» **EXERCISE**
Could you reproduce all the entries under this sentence exactly, leaving the images aside?

Dataset records
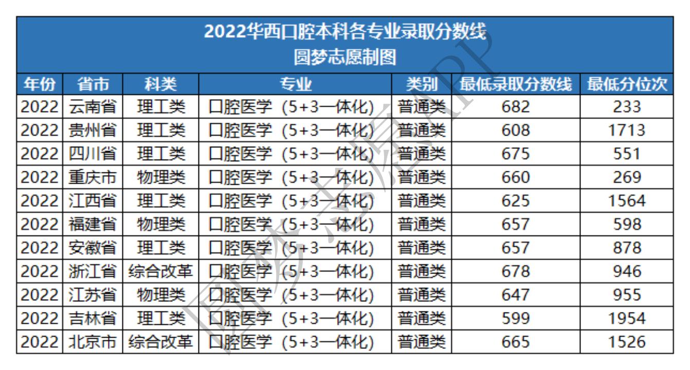 四川大学华西口腔医学院2022年面向全国31个省市招生的口腔本科专业共有5个,分别为口腔医学(5+3一体化)、口腔医学(5年制)、口腔医学(8年制)、口腔医学技术、口腔医学技术(口腔数字化技术双学士学位),华西口腔医学院的口腔各专业录取分数线基本上都超过了各省市本科批/本科一批控制分数线100-150分左右,对成绩的要求非常高,下文小编将为大家附上华西口腔本科各专业分数线,供大家参考:
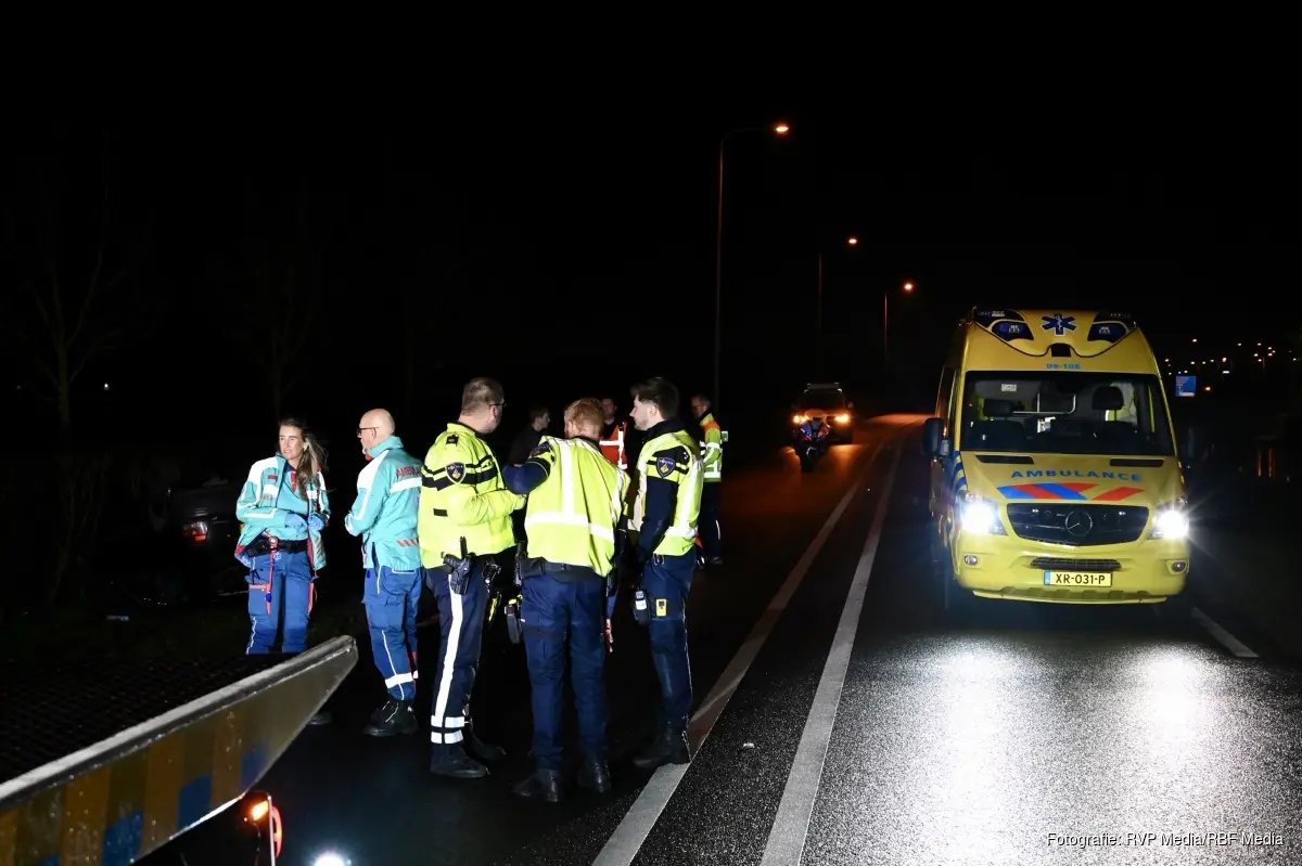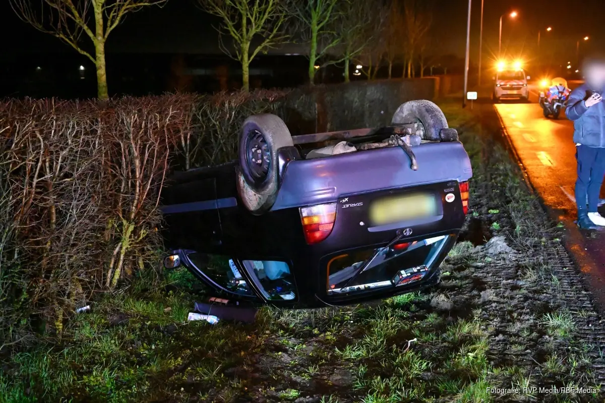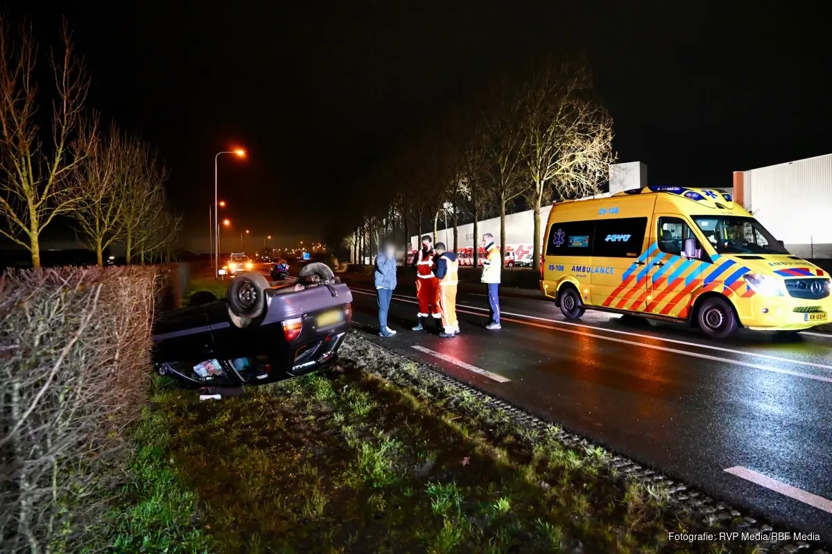 Het bleek te gaan, om een voertuig die door nog onbekende oorzaak op zijn dak terecht is gekomen. In het voertuig zaten meerdere inzittenden. Zij zijn nagekeken door het ambulancepersoneel, maar voor zover bekend hoefde er niemand mee naar het ziekenhuis. De bestuurder van het voertuig, betreft een beginnende automobilist.
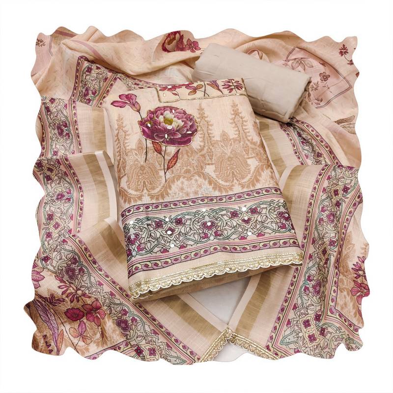 | • | Dupatta | : | Color- Peach / Fabric- Blended Cotton |
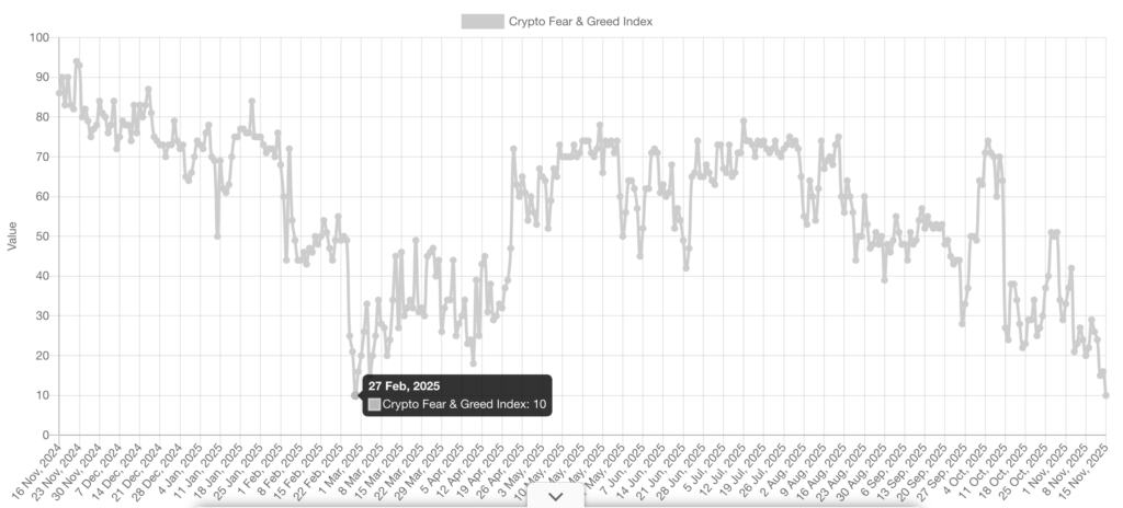 شاخص ترس و طمع کریپتو در تازهترین بهروزرسانی روز شنبه خود، عدد ۱۰ را ثبت کرده که در محدوده ترس شدید قرار میگیرد. این پایینترین میزان شاخص از ۲۷ فوریه (۹ اسفند) تاکنون است. افت شاخص همزمان با کاهش قیمت بیت کوین به زیر ۹۵,۰۰۰ دلار در روز جمعه رخ داد که تا زمان انتشار گزارش نیز نتوانست دوباره سطح ۹۶,۰۰۰ دلار را پس بگیرد. دادهها نشان میدهد روند فعلی ادامه همان فشار فروشی است که در روزهای اخیر شدت گرفته است.
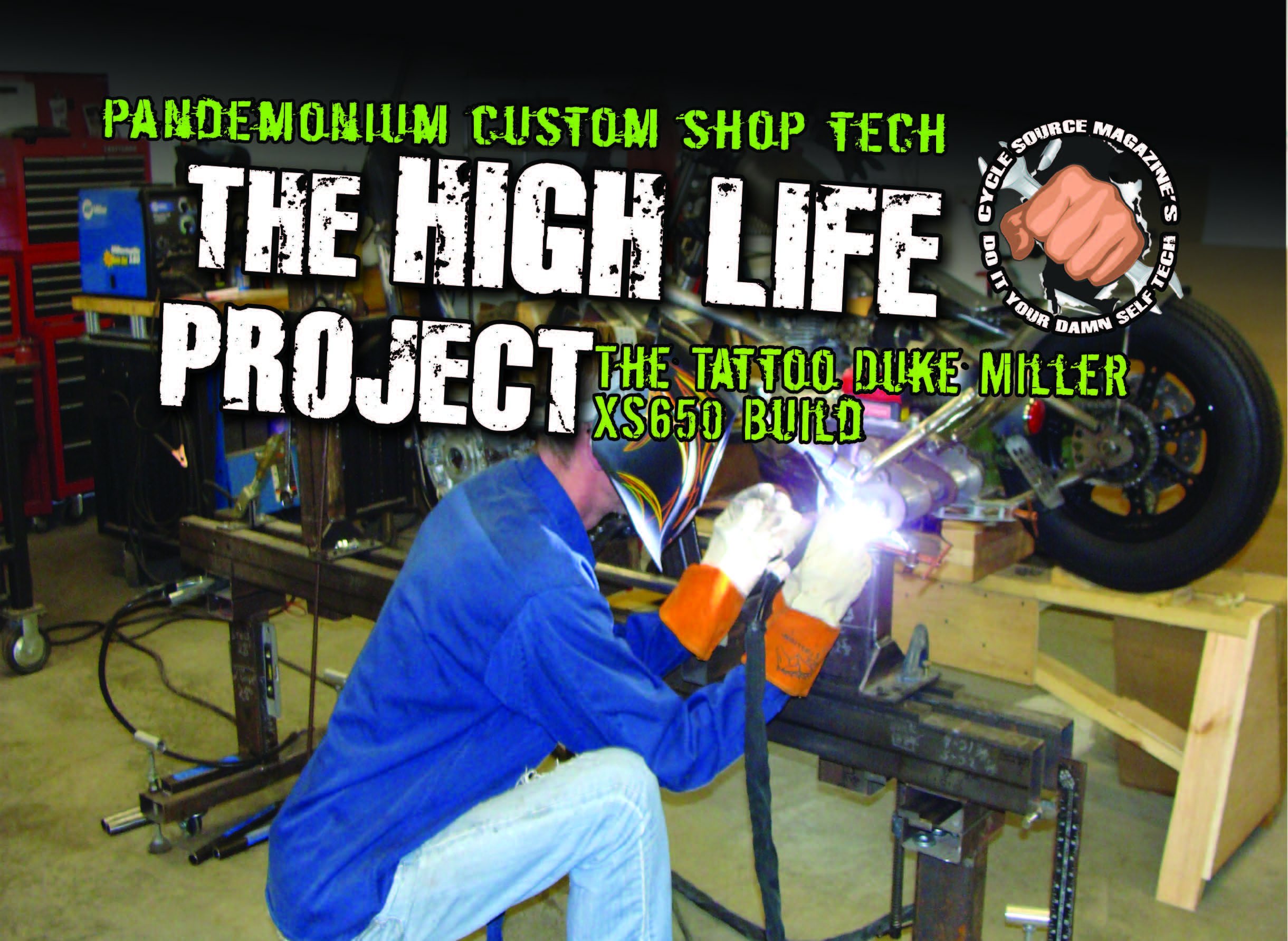 This all started last July at MountainFest in Morgantown, WV. Duke was checkin’ out a Yamaha XS650 build I just finished named Nekked Hayla. He said, “Man, I’ve been thinking about building something like this to beat around the streets on as a birthday present to myself.” One thing led to another, and we started on Duke’s XS650 build. It was then that I decided to show it off here in Cycle Source. We are gonna use some stuff from Acme Choppers, Hugh’s Handbuilt and Red Tail Leather, just to name a few. It should be pretty cool so stay tuned for the months to come and check out The High Life project.
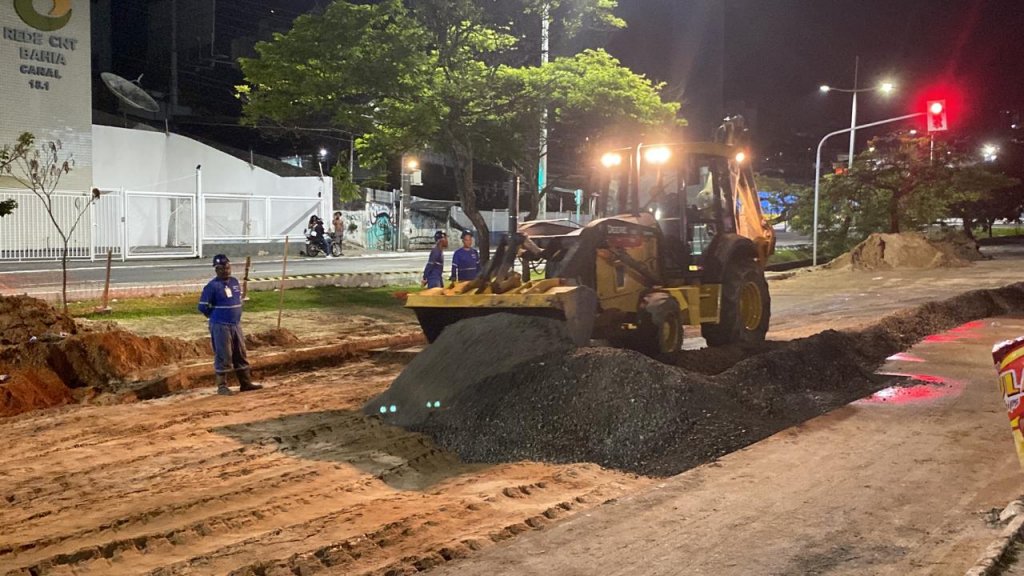 Menos de 24h do rompimento, Embasa realiza últimos ajustes em adutora no trecho da Garibaldi; trânsito ainda não está liberado

» **EXERCISE OUTPUT**
 四川大学华西口腔医学院2022年面向全国31个省市招生的口腔本科专业共有5个,分别为口腔医学(5+3一体化)、口腔医学(5年制)、口腔医学(8年制)、口腔医学技术、口腔医学技术(口腔数字化技术双学士学位),华西口腔医学院的口腔各专业录取分数线基本上都超过了各省市本科批/本科一批控制分数线100-150分左右,对成绩的要求非常高,下文小编将为大家附上华西口腔本科各专业分数线,供大家参考:
 Het bleek te gaan, om een voertuig die door nog onbekende oorzaak op zijn dak terecht is gekomen. In het voertuig zaten meerdere inzittenden. Zij zijn nagekeken door het ambulancepersoneel, maar voor zover bekend hoefde er niemand mee naar het ziekenhuis. De bestuurder van het voertuig, betreft een beginnende automobilist.
 | • | Dupatta | : | Color- Peach / Fabric- Blended Cotton |
 شاخص ترس و طمع کریپتو در تازهترین بهروزرسانی روز شنبه خود، عدد ۱۰ را ثبت کرده که در محدوده ترس شدید قرار میگیرد. این پایینترین میزان شاخص از ۲۷ فوریه (۹ اسفند) تاکنون است. افت شاخص همزمان با کاهش قیمت بیت کوین به زیر ۹۵,۰۰۰ دلار در روز جمعه رخ داد که تا زمان انتشار گزارش نیز نتوانست دوباره سطح ۹۶,۰۰۰ دلار را پس بگیرد. دادهها نشان میدهد روند فعلی ادامه همان فشار فروشی است که در روزهای اخیر شدت گرفته است.
 This all started last July at MountainFest in Morgantown, WV. Duke was checkin’ out a Yamaha XS650 build I just finished named Nekked Hayla. He said, “Man, I’ve been thinking about building something like this to beat around the streets on as a birthday present to myself.” One thing led to another, and we started on Duke’s XS650 build. It was then that I decided to show it off here in Cycle Source. We are gonna use some stuff from Acme Choppers, Hugh’s Handbuilt and Red Tail Leather, just to name a few. It should be pretty cool so stay tuned for the months to come and check out The High Life project.
 Menos de 24h do rompimento, Embasa realiza últimos ajustes em adutora no trecho da Garibaldi; trânsito ainda não está liberado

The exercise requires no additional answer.